+++ Data for this exercise
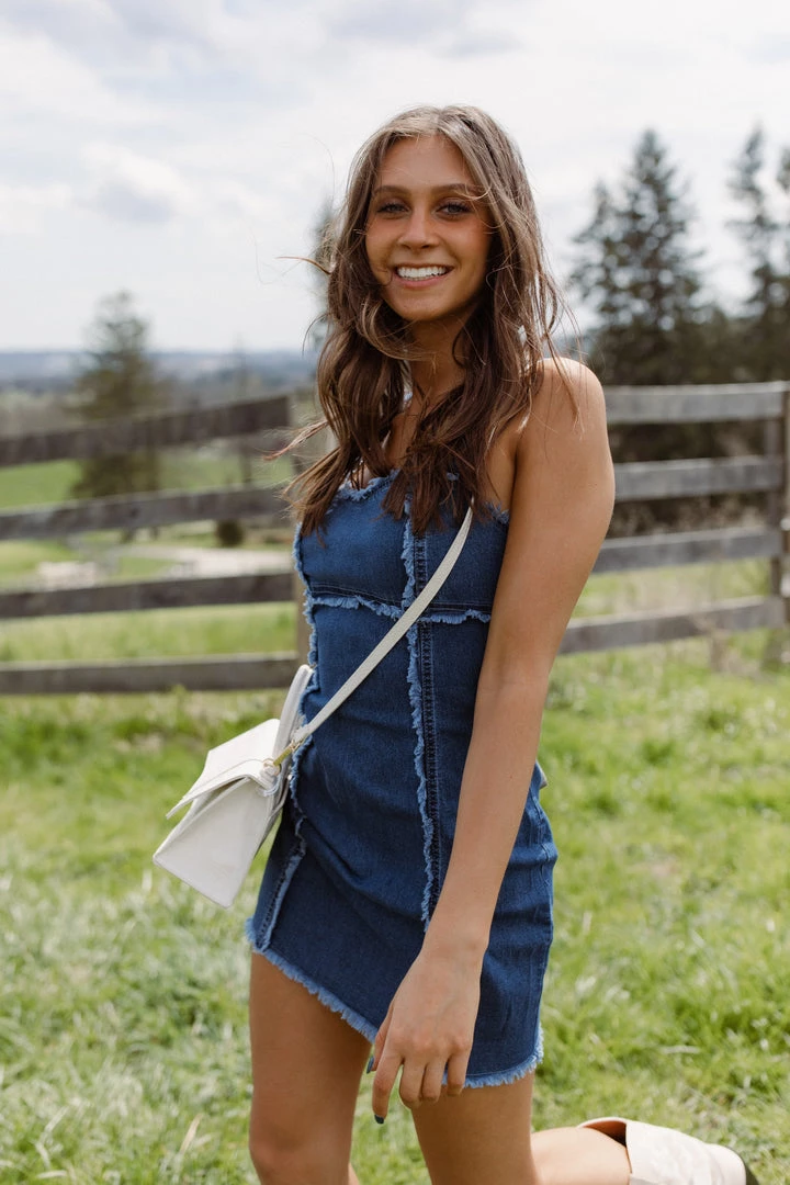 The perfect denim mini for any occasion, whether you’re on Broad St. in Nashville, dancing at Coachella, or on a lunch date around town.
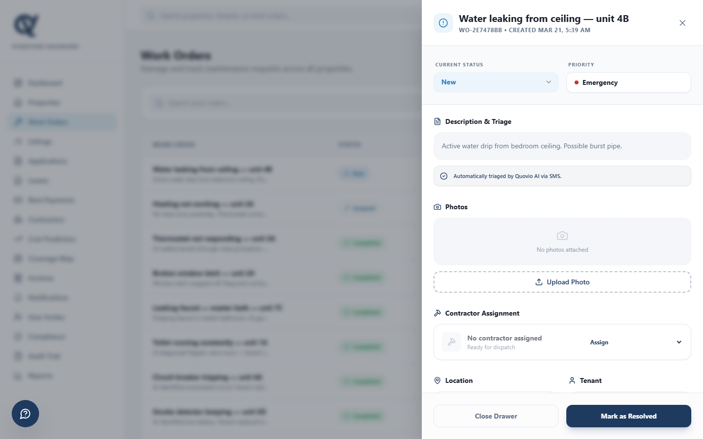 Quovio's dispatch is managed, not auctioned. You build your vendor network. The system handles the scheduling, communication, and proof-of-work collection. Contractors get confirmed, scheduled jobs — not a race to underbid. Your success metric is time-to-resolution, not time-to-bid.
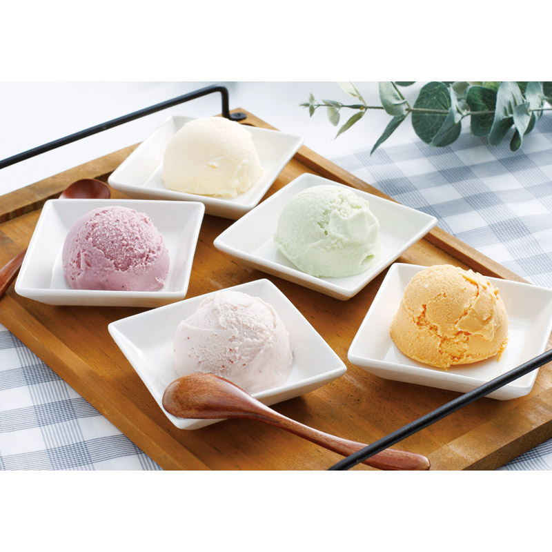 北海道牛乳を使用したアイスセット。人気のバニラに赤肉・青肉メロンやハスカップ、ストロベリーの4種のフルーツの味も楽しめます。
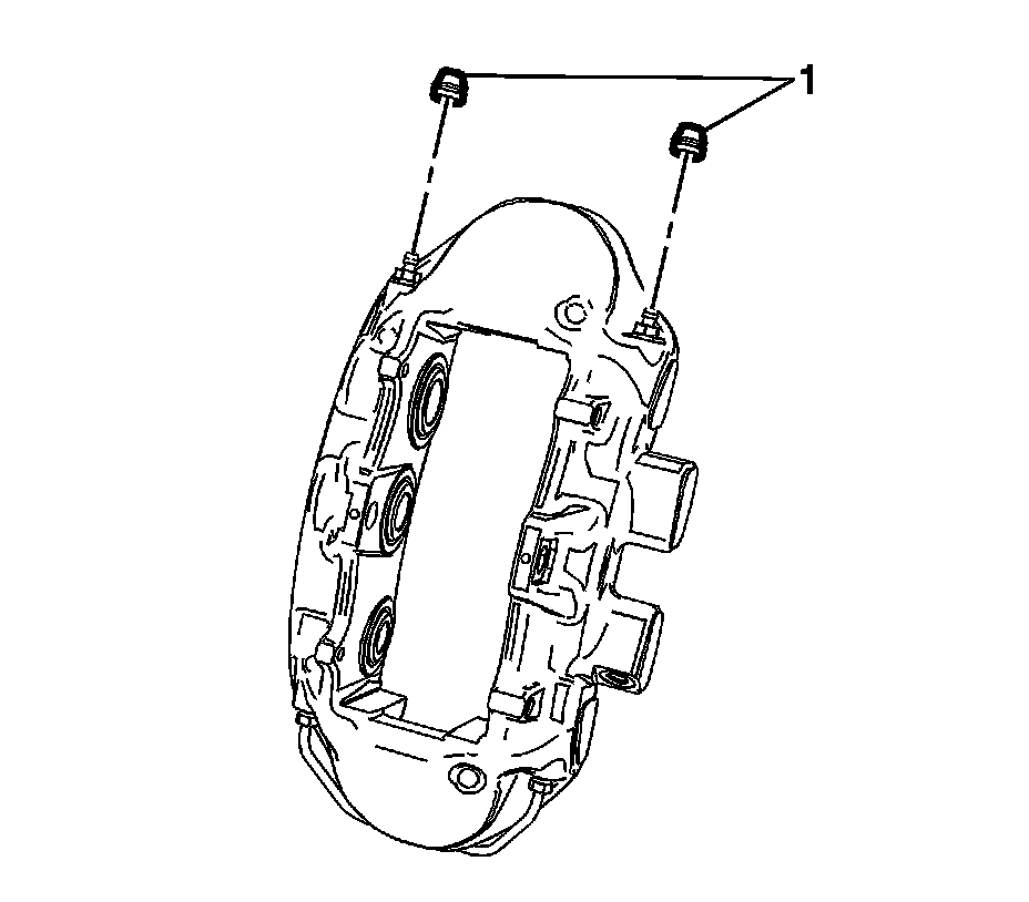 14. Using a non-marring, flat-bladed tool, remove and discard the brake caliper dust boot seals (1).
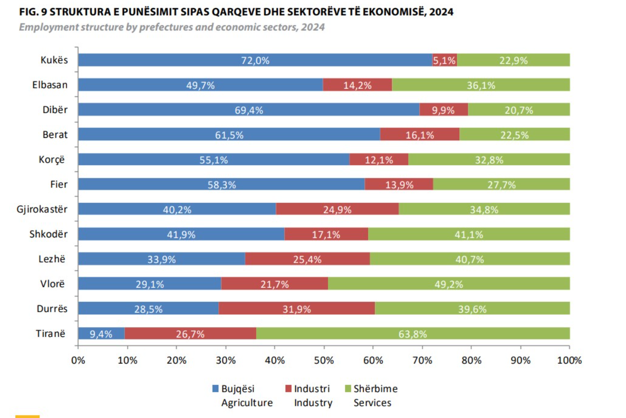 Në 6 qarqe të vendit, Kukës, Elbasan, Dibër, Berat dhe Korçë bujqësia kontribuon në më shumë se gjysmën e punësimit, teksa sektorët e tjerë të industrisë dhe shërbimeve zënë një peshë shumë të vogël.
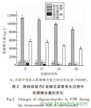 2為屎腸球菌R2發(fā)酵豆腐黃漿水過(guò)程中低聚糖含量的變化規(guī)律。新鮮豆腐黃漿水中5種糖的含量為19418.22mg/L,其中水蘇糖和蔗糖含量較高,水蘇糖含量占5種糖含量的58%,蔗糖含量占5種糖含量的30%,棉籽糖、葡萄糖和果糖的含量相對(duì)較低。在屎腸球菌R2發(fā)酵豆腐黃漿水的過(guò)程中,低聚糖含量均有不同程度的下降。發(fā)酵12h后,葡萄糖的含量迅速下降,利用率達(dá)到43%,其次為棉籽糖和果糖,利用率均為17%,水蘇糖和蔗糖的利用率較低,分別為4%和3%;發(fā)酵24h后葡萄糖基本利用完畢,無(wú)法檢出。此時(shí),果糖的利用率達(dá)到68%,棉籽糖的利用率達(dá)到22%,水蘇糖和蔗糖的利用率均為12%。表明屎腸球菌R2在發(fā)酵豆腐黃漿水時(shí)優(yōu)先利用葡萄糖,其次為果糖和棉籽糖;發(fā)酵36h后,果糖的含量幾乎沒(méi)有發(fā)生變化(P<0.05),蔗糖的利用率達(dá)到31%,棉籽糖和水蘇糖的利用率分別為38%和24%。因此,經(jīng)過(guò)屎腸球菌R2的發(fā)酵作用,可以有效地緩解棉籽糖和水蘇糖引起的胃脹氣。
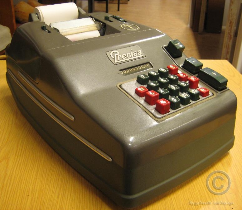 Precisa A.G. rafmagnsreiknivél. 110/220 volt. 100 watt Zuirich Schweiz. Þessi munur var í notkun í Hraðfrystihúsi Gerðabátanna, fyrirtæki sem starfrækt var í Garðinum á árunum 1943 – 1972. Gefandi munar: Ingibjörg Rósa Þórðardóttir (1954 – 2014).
++++++
* _Exercise objective_
From the opening line of the listing above through the line bearing "14. Using a", repeat each line exactly. Drop every picture.

* _Task result_
 The perfect denim mini for any occasion, whether you’re on Broad St. in Nashville, dancing at Coachella, or on a lunch date around town.
 Quovio's dispatch is managed, not auctioned. You build your vendor network. The system handles the scheduling, communication, and proof-of-work collection. Contractors get confirmed, scheduled jobs — not a race to underbid. Your success metric is time-to-resolution, not time-to-bid.
 北海道牛乳を使用したアイスセット。人気のバニラに赤肉・青肉メロンやハスカップ、ストロベリーの4種のフルーツの味も楽しめます。
 14. Using a non-marring, flat-bladed tool, remove and discard the brake caliper dust boot seals (1).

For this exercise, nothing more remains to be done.